Матерщина, как известно, весьма характерна для русского языка и определяет речевое поведение и образ мышления едва ли не большинства говорящих. На Руси существовал обычай, о котором еще в начале XVIII века Иван Посошков с возмущением писал в послании к митрополиту Стефану Яворскому: обучать матерной ругани младенца едва не с пелен. Сами родители учили своих чад «блякать»: «мама, кака мама бля бля», а по мере развития речи обучали и полному сквернословию. «…В народе нашем обыклое безумие содевается. Я, аще и не бывал во иных странах, обаче не чаю нигде таковых дурных обычаев обрести. Не безумное ль сие есть дело, яко еще младенец не научится, как и ясти просить, а родители задают ему первую науку сквернословную и греху подлежащую? <…> …Как младенец станет блякать, то отец и мать тому бляканию радуются и понуждают младенца, дабы он непрестанно их и посторонних людей блякал. <…> Где то слыхано, что у нас,– на путех, и на торжищах, и при трапезах, наипачеж того бывают… и в церквах, всякая сквернословия и кощунства и всякая непотребная разглагольства»107.
Между этим языком, на котором родители учат младенцев обращаться к себе и к другим, и профанными представлениями о матери-материи, которой могут овладевать ее сыновья,– большая и все-таки психологически легко преодолимая дистанция. Дмитрий Писарев выражал убеждение: «Ни одна философия в мире не привьется к русскому уму так прочно и так легко, как современный здоровый и свежий материализм»108. И в самом деле, материализм привился в России на редкость легко, но вряд ли потому, что Россия была особо расположена к тому научному или наукообразному, «базаровскому» материализму, на который возлагал надежду сам идеолог «мыслящего пролетариата». Материализм соответствовал интуициям той почвенной архаики, языческого хтонизма, который дольше продержался в земледельческой России, чем в других европейских культурах. Мат– это тоже мировоззрение, это стихийный массовый материализм, в котором культ матери, счетаясь с враждой к небесному отцу– Громовержцу, переходит в собственную противоположность– в кощунство над матерью. По наблюдению Б.А. Успенского, «культ Матери Сырой Земли непосредственно связан в славянском язычестве с культом противника Бога Громовержца…»109. Иными словами, культы матери-земли и ее «сучьего отродья», пса, развиваются параллельно, вытесняя культ ее небесного супруга. Матерщина словесно выражает убеждение в том, что Отца не существует, есть только материя, оплодотворять которую надлежит ее сыновьям. Матерщина– не просто изнанка, но неофициальная суть материализма, его склонность к выверту в непристойность. Первая ступень материализма– превознесение матери над Отцом («материя первична»), вторая– полное отрицание Отца («Бога нет»), третья– принадлежность матери сыну в качестве мужа («е… твою мать»). Так материализм оборачивается матерщиной.

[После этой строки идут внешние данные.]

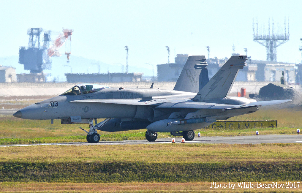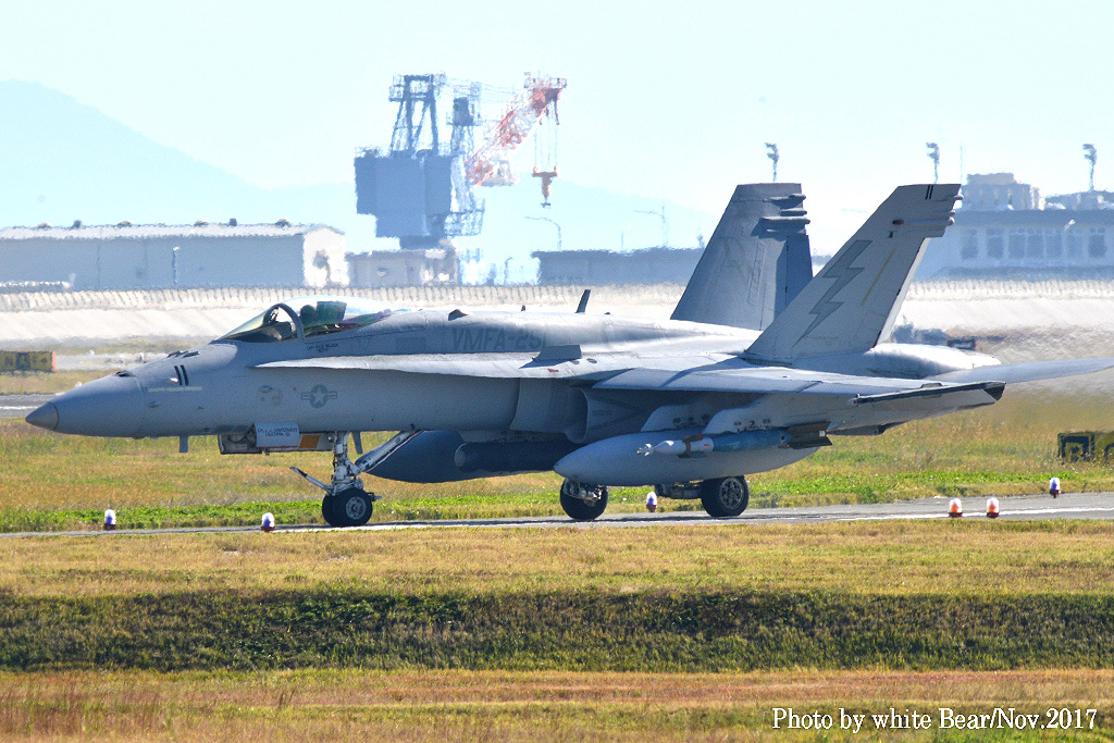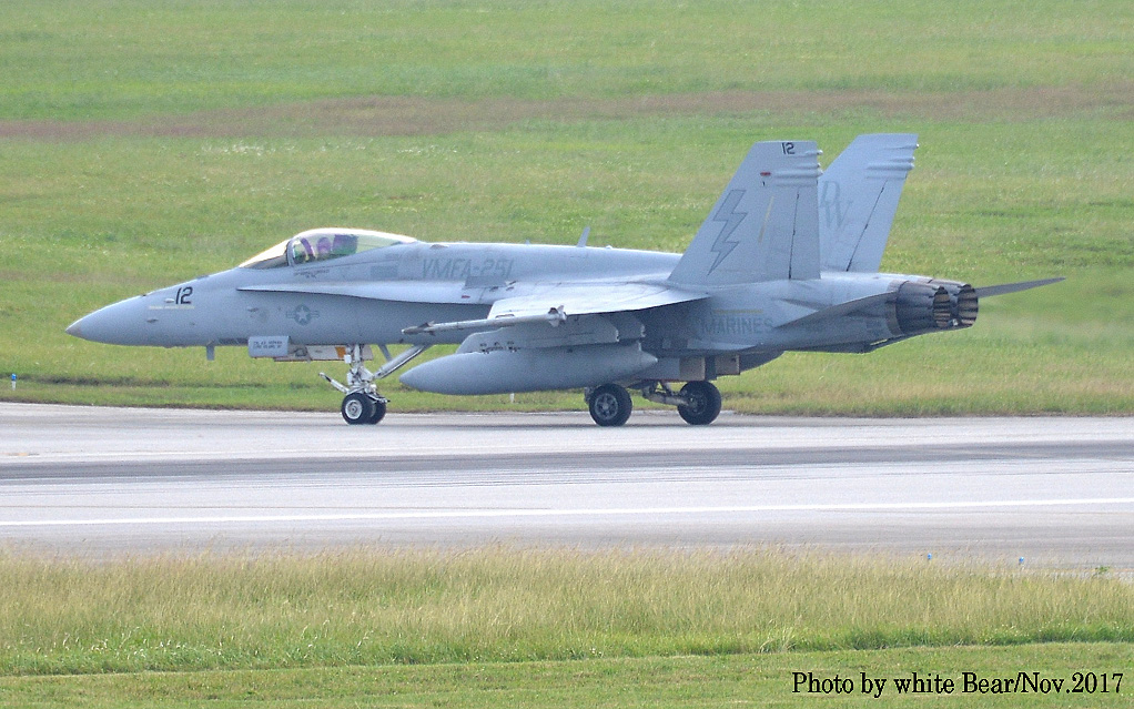 ↑ 2017年11月嘉手納基地に訓練から戻ってタキシーラインに入るVMFA-251のFA-18C/DW-12

Философ и теолог Сергий Булгаков, доискиваясь исторических корней большевизма, неожиданно нашел их в амбивалентном отношении русского народа к матери-природе, к матушке-земле. С одной стороны, земля по-язычески почитается и обожествляется, с другой стороны, в матерной ворожбе выступает как предмет насилия со стороны собственного сына.
…Если уж искать корней революции в прошлом, то вот они налицо: большевизм родился из матерной ругани, да он, в сущности, и есть поругание материнства всяческого: и в церковном, и в историческом отношении. Надо считаться с силою слова, мистическою и даже заклинательною. И жутко думать, какая темная туча нависла над Россией,– вот она, смердяковщина-то народная!110
«Мат», или «посылание по матери», имеет в русском языке тот же корень, что и «мать», и «материя», а «материть», как переходный глагол, соответствует непереходному «матереть». Все эти значения туго завязаны в языке не случайно. Они приходят из одного комплекса кровосмесительства, хотя с ростом цивилизации эти значения и расходятся по разным уровням, от непристойного до наукообразного. Но их связь можно порой проследить в каламбурах, выражающих «отношения остроумия к бессознательному» (если воспользоваться названием работы Фрейда). В конце 1920-х– начале 1930-х годов среди ироничной советской научной элиты имел хождение каламбур: партийное начальство обожает диалектический материализм, тогда как массы предпочитают матерный диалект. Если вдуматься, эта шутка имеет в виду не противопоставление материализма и матерщины, а их неожиданное сближение. В своем обращении с матерью-материей партия и народ воистину едины, и верить в первичность материи– это на философском языке означает то же самое, что в просторечии низов– послать по матери.
Общественные низы, особенно блатные и преступные элементы– это, в известном смысле, отложения древнейших формаций, память о предыстории, первый слой ее, наименее затронутый цивилизацией. Не отсюда ли такая странная, хотя и голословная привязанность уголовников, потерявших почти все приобретенное человечеством, к своим матерям: их единственно внятный девиз «не забуду мать родную!», вместе с их же излюбленным кровосмесительным пожеланием «…мать твою!»? Не есть ли весь советский материализм всего лишь наукообразное облачение мата, первейшей инцестуальной потребности «детски-первобытной» души? И тогда материализм вполне явит свою сущность как философская матерщина, которая столь же благоговеет перед материей, как сын, употребляющий свою мать. Удивительно ли, что материализмом клялась и присягала ему партия, которая официально признавала уголовников «социально близкими», в отличие от политических заключенных, «врагов народа».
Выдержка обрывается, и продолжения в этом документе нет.